Ziyao Guo, Kaipeng Zhang, Michael Qizhe Shieh

2025-03-21

Improving Autoregressive Image Generation through Coarse-to-Fine Token
  Prediction

Summary

This paper is about improving the way AI creates images by making it easier to predict the small details that make up the picture.

What's the problem?

AI image generators struggle to create high-quality images because they have trouble with the fine details, especially when using large amounts of data.

What's the solution?

The researchers developed a method where the AI first predicts the general outline of the image and then fills in the details. It's like sketching a picture before adding the colors.

Why it matters?

This work matters because it can lead to AI that generates more realistic and detailed images, faster than before.

Abstract

Autoregressive models have shown remarkable success in image generation by adapting sequential prediction techniques from language modeling. However, applying these approaches to images requires discretizing continuous pixel data through vector quantization methods like VQ-VAE. To alleviate the quantization errors that existed in VQ-VAE, recent works tend to use larger codebooks. However, this will accordingly expand vocabulary size, complicating the autoregressive modeling task. This paper aims to find a way to enjoy the benefits of large codebooks without making autoregressive modeling more difficult. Through empirical investigation, we discover that tokens with similar codeword representations produce similar effects on the final generated image, revealing significant redundancy in large codebooks.
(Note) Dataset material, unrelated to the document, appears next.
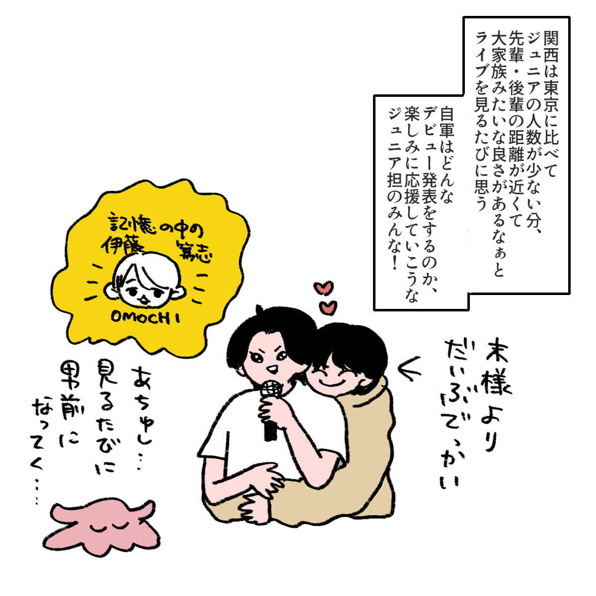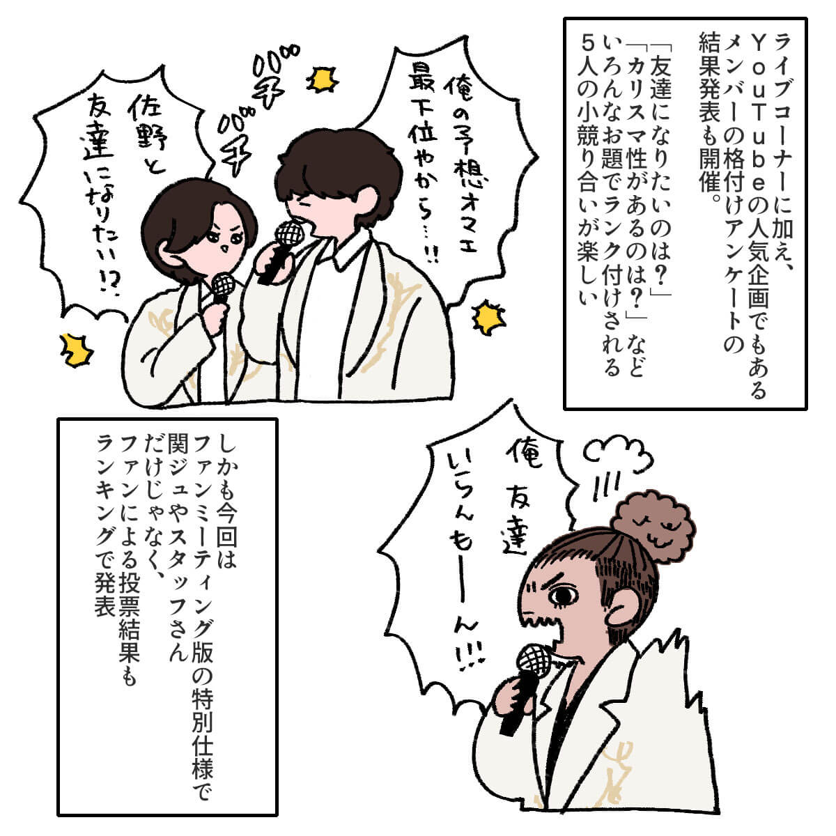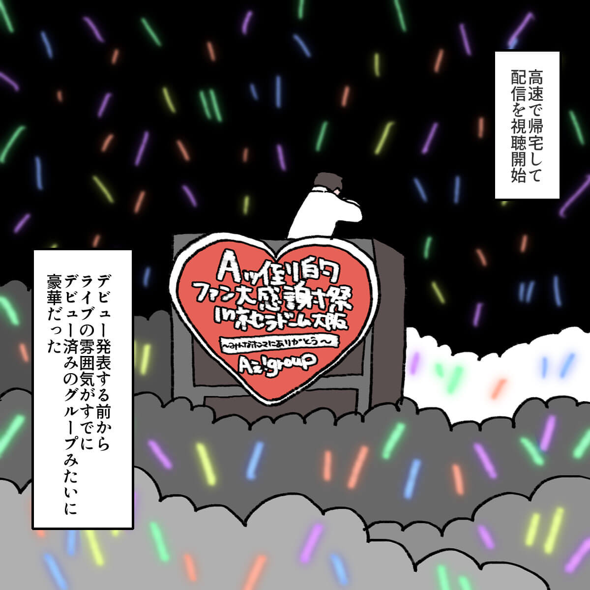 サイゾーウーマン男性アイドルSTARTO(旧ジャニーズ)Aぇ! groupAぇファンミのイラストレポ 男性アイドル [ドルオタ漫画家・竜田トキヒロの“推し事”見聞録]vol.49 Aぇ! group『Aッ倒的ファン大感謝祭』イラストレポ、関西ジュニアはまるで“大家族”! 2024/03/27 21:00 竜田トキヒロ(マンガ家) Aぇ! group竜田トキヒロの“推し事”見聞録ジュニア ――Twitterで日々、STARTO ENTERTAINMENT(旧ジャニーズ事務所)のタレントをはじめとしたイラストを投稿中のドルオタ漫画家・竜田トキヒロが、現場レポートからドラマや映画、番組レビューまで、“推し事”の様子をお届け! 今回は、3月16、17日に京セラドーム大阪で開催され、16日には「FAMILY CLUB online」で生配信も実施された、関西ジュニア・Aぇ! groupの単独イベント『Aぇ! group Aッ倒的ファン大感謝祭 in 京セラドーム大阪』に注目! デビュー前のジュニアが単独でドームイベントや公演を行うのは、2006年にCDデビュー前のアーティストとして史上初の東京ドーム公演を開催したKAT-TUN以来ということで、何らかの発表があるのではないかと、開催前からファンが期待を寄せていたこのイベント。 その思いに応えるかのごとく、16日の公演中、メンバーの口から5月15日に「《A》BEGINNING」という楽曲で、ユニバーサルミュージックからCDデビューすることが明かされました。 この記事では、そんなメモリアルな公演の様子を、イラストで振り返ります! 目次 ・Aぇ! group、ライブの雰囲気がデビュー組みたい!? ・デビューのお祝い動画で感じた関西の絆 ・“大家族”関西ジュニアの距離の近さ Aぇ! group、ファンミーティングのライブの雰囲気がデビュー組みたい!? なにわ男子にWEST.、SUPER EIGHTも……Aぇ! groupへのデビューのお祝い動画で感じた関西の絆 Aぇ! groupのファンミーティングに見た、“大家族”関西ジュニアの距離の近さ ★これまでの連載記事はこちらから 【ジャニオタマンガ】Aぇ! groupは「高スキル集団」! キャラの濃い6人の個性とは?――Twitterで日々、ジャニーズタレントにまつわるイラストを投稿中のジャニオタ漫画家・竜田トキヒロが、現場レポートからドラマや映画、番組レビューまで、“推し事”の様子を...サイゾーウーマン2023.07.05 竜田トキヒロ(マンガ家) 漫画家、イラストレーター。育休中に執筆したエッセイ漫画でKADOKAWAコミックエッセイ大賞受賞。Ameba、ライブドア公式ブロガーを経たのち現在はインフルエンサーとしてエンタメ、オタクに特化した漫画やイラストや体験ルポ等幅広く執筆。著書『コミュ障母さんとごきげん娘』(KADOKAWA) X:@musumenuma 最終更新:2024/03/27 21:00 関連記事 【ジャニオタマンガ】Aぇ! groupは「高スキル集団」! キャラの濃い6人の個性とは?Aぇ! group『Aッ倒的ファン大感謝祭』レポ――オタクの涙腺が壊れた瞬間とは?ジュニア公式TikTok「いいね」数ランキング、11~20位! Aぇ! groupが伯井太陽を上回る【2024年3月最新】Aぇ! group、福本大晴と“決別”? 配信舞台でのエールに賛否両論西川貴教、Aぇ! group・福本大晴の脱退に言及? ラジオで「全力で応援する」とエール 次の記事 『大奥』が描かない、倫子の幸福だった史実 >

Based on this insight, we propose to predict tokens from coarse to fine (CTF), realized by assigning the same coarse label for similar tokens. Our framework consists of two stages: (1) an autoregressive model that sequentially predicts coarse labels for each token in the sequence, and (2) an auxiliary model that simultaneously predicts fine-grained labels for all tokens conditioned on their coarse labels. Experiments on ImageNet demonstrate our method's superior performance, achieving an average improvement of 59 points in Inception Score compared to baselines. Notably, despite adding an inference step, our approach achieves faster sampling speeds.